Voici une des plus naïves et des plus jolies compositions du célèbre peintre anglais Wilkie. Comme ce petit tableau de genre est animé, comme la vie y circule! Il a la grâce, le charme, la vérité, en un mot toutes les qualités précieuses qui distinguent les œuvres des grands artistes anglais et qui leur donne un mérite spécial, une originalité réelle.


Un tableau de Wilkie.


Cette scène ne semble-t-elle pas formée de personnages vivants? Ce tableau n'est-il pas parlant?
Un jour, en vous promenant dans n'importe quelle partie de la campagne britannique, vous avez trouvé une humble maison dont la fenêtre était ouverte, et vous vous êtes indiscrètement penché pour regarder. Un intérieur anglais vous est apparu tout brillant de sa propreté proverbiale. Tout semble reluire: pas une toile d'araignée entre les poutres solides, pas un objet hors de place. La lumière frappe sur l'armoire bien frottée, sur le pot bien net, sur tous les ustensiles du ménage bien rangés par la main d'une ménagère soigneuse. La scène qui se passe là est à la fois simple et comique.
Une souris s'est échappée de cette souricière que vous apercevez dans un coin, et elle a fui, effrayée. Où est-elle? Sans doute sous la chaise ou sous le rouet de cette gracieuse jeune femme qui a remonté si naturellement ses pieds et ses jupes pour ne pas donner asile à l'ex-prisonnière contre laquelle un enfant et un chien ont subitement organisé une chasse.
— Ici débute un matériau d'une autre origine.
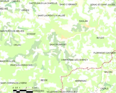 Saint-Pompon est limitrophe de cinq autres communes. Au sud-est, son territoire est distant d'environ 350 mètres de celui de Marminiac (dans le Lot) et au sud-ouest de 380 mètres de celui de Prats-du-Périgord.

Ils y mettent de l'ardeur, de la passion. L'un enfonce vivement son balai sous la chaise, l'autre y porte avidement son museau. Mais ce qui est bon à regarder, c'est derrière le groupe affairé qui furète, la figure paisible et pourtant curieuse de la vieille mère qui a été attirée par le bruit et dont on n'aperçoit que la tête et la main droite contre la porte entrebâillée, c'est la gaieté éclatante du mari qui a été tellement saisi par le rire, que sa pipe lui est tombée d'entre les dents.
Cette scène familière est un tableau peint de main de maître, et les qualités du maître y rayonnent. Voyez comme les poses sont admirables de naturel, comme les gestes sont simples mais exactement vrais. Cette femme penchée pour regarder à ses pieds qui ne s'appuient plus que sur la pointe de ses souliers, ce mauvais chien flairant, la queue dressée, le poil hérissé, cet homme riant les mains en l'air, le chapeau renversé, d'un rire franc qui vous gagne, tout jusqu'à cette malheureuse pipe qui s'est vidée dans sa chute et dont le contenu fume sur le plancher, concourt à rendre cette petite toile très-intéressante pour le regard.
Voilà comment on comprend la peinture de genre. Elle doit être la reproduction fidèle mais intelligente des scènes où se reflètent le caractère, les habitudes, les mœurs d'un peuple. Ici, maison et personnages sont bien anglais, le peintre national leur a donné un cachet auquel nul ne peut se tromper. C'est que Wilkie a mis un grand talent au service de la peinture de genre qui est montée au premier rang en Angleterre. Elle met devant nos yeux les scènes intimes, familières, le mouvement de tous les jours. c'est la vie réelle reproduite sous ses aspects les plus simples, les plus ordinaires, ce n'est pas le réalisme. En définitive, le sujet de ce tableau est des plus vulgaires: Une souris échappée! L'inspiration proprement dite n'a rien à voir là-dedans; il n'y a pas une idée, un sentiment, un fait à idéaliser, c'est à dire à élever dans de hautes régions. Mais ce vulgaire est gracieux dans sa simplicité, dans sa vérité. Étudiez ce pauvre intérieur, cette famille d'artisans. Pas un détail choquant, pas une figure repoussante ou grossière. Le visage de la mère est vénérable, celui du mari honnête, joyeux, ouvert, l'épouse est une belle femme aux bras ronds, à la taille gracieuse. L'artiste a peint une scène familière, il n'est pas descendu au trivial.
Il n'y a donc pas à s'étonner que la peinture de genre ait acquis en Angleterre une vogue et une célébrité très-méritées. Ainsi comprise, elle attire, elle plait, elle amuse. On regarde avec plaisirs ces jolis tableaux comme on lit avec un intérêt des plus vifs un page de ces romanciers à l'esprit profond et singulièrement observateur qui, dans leurs ouvrages sans prétention, se montrent souvent bien supérieurs à nos romanciers épris de l'épouvantable, de l'étrange, de l'impossible. Wilkie est un peu le Dickens du pinceau. Ses œuvres, qui jouissent d'une grande popularité dans notre France, sont spirituelles, gracieuses, d'un naturel exquis, achevé.
Du reste, s'il aime à peindre des scènes familières du genre de celle que représente notre gravure, il a su traiter d'une manière tout à fait supérieure des sujets dignes en tout point de son pinceau. Dans la Saisie, la Lecture d'un testament, la Lettre de recommandation, le Retour inattendu, l'effet dramatique est énergiquement, puissamment, et, ce qui est surtout remarquable,  simplement rendu.
David Wilkie est Écossais. Il est né à Cults dans le comté de Fife, le 18 novembre 1785; il est mort en 1841.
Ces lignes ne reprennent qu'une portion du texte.